== Segment start ==

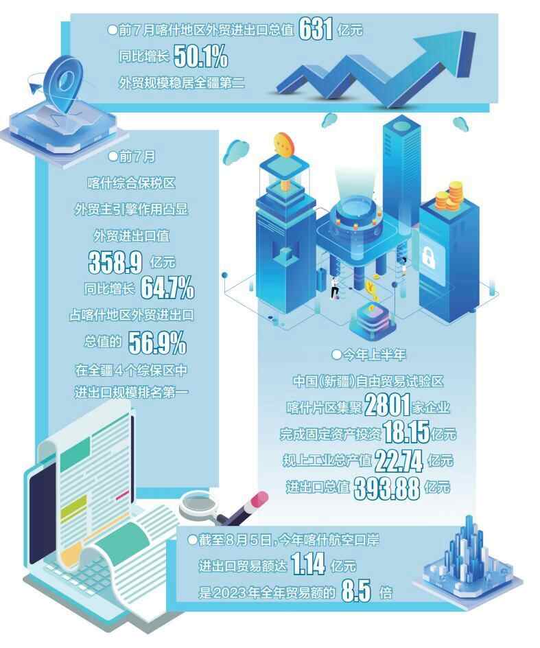 前7月,喀什地区外贸进出口总值631亿元、同比增长50.1%,外贸规模稳居全疆第二;喀什综合保税区外贸主引擎作用凸显,外贸进出口值358.9亿元、同比增长64.7%,占喀什地区外贸进出口总值的56.9%,在全疆4个综保区中,进出口规模排名第一……
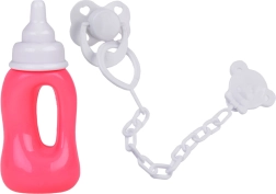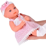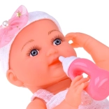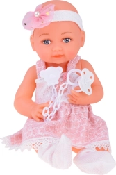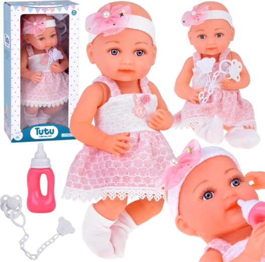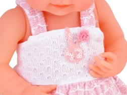 Das freundliche Gesicht der Puppe lädt zum Spielen ein. Das Baby ist in ein weiß-rosa Kleid gekleidet, geschmückt mit Bommeln und Spitze. Zwar hat das Baby keine Haare, aber sein Köpfchen ziert ein Tüllband mit Schleife und Perlen. An den Füßchen trägt es weiße Söckchen.
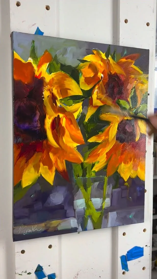 From small 6"x6" gems to bold 40"x40" statement pieces, each of my oil paintings is created with luscious, buttery paint and a loose, intuitive style. Inspired by florals, birds, and the beauty of everyday life, these original works are available here in my online shop, in galleries, and at select juried art shows.
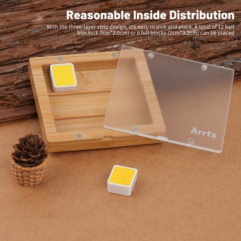 Arrtx-Caja De Paleta De Acuarela Bambú Portátil, Diseño Cubierta Deslizante Magnética Única, Paleta Pigmentos, Bandeja Almacenamiento De Pintura
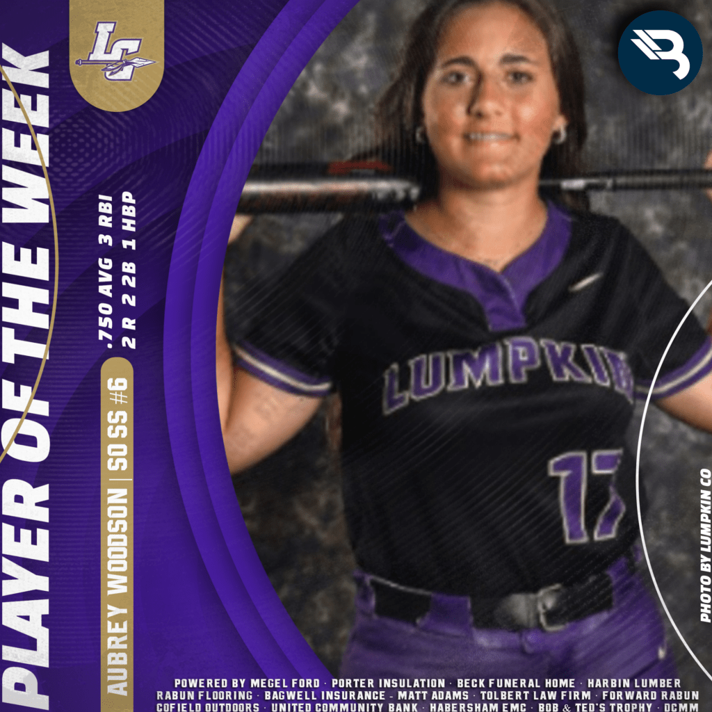 Lumpkin County sophomore Aubrey Woodson had a great week, hitting .750 with three RBI, two runs, two doubles, and a hit by pitch. This is the first award for the infielder.

== Segment end ==

→ EXERCISE DIRECTIONS: Give the listing again in full, exactly as it is, but without its images.

→ YOUR SOLUTION:
 前7月,喀什地区外贸进出口总值631亿元、同比增长50.1%,外贸规模稳居全疆第二;喀什综合保税区外贸主引擎作用凸显,外贸进出口值358.9亿元、同比增长64.7%,占喀什地区外贸进出口总值的56.9%,在全疆4个综保区中,进出口规模排名第一……
 Das freundliche Gesicht der Puppe lädt zum Spielen ein. Das Baby ist in ein weiß-rosa Kleid gekleidet, geschmückt mit Bommeln und Spitze. Zwar hat das Baby keine Haare, aber sein Köpfchen ziert ein Tüllband mit Schleife und Perlen. An den Füßchen trägt es weiße Söckchen.
 From small 6"x6" gems to bold 40"x40" statement pieces, each of my oil paintings is created with luscious, buttery paint and a loose, intuitive style. Inspired by florals, birds, and the beauty of everyday life, these original works are available here in my online shop, in galleries, and at select juried art shows.
 Arrtx-Caja De Paleta De Acuarela Bambú Portátil, Diseño Cubierta Deslizante Magnética Única, Paleta Pigmentos, Bandeja Almacenamiento De Pintura
 Lumpkin County sophomore Aubrey Woodson had a great week, hitting .750 with three RBI, two runs, two doubles, and a hit by pitch. This is the first award for the infielder.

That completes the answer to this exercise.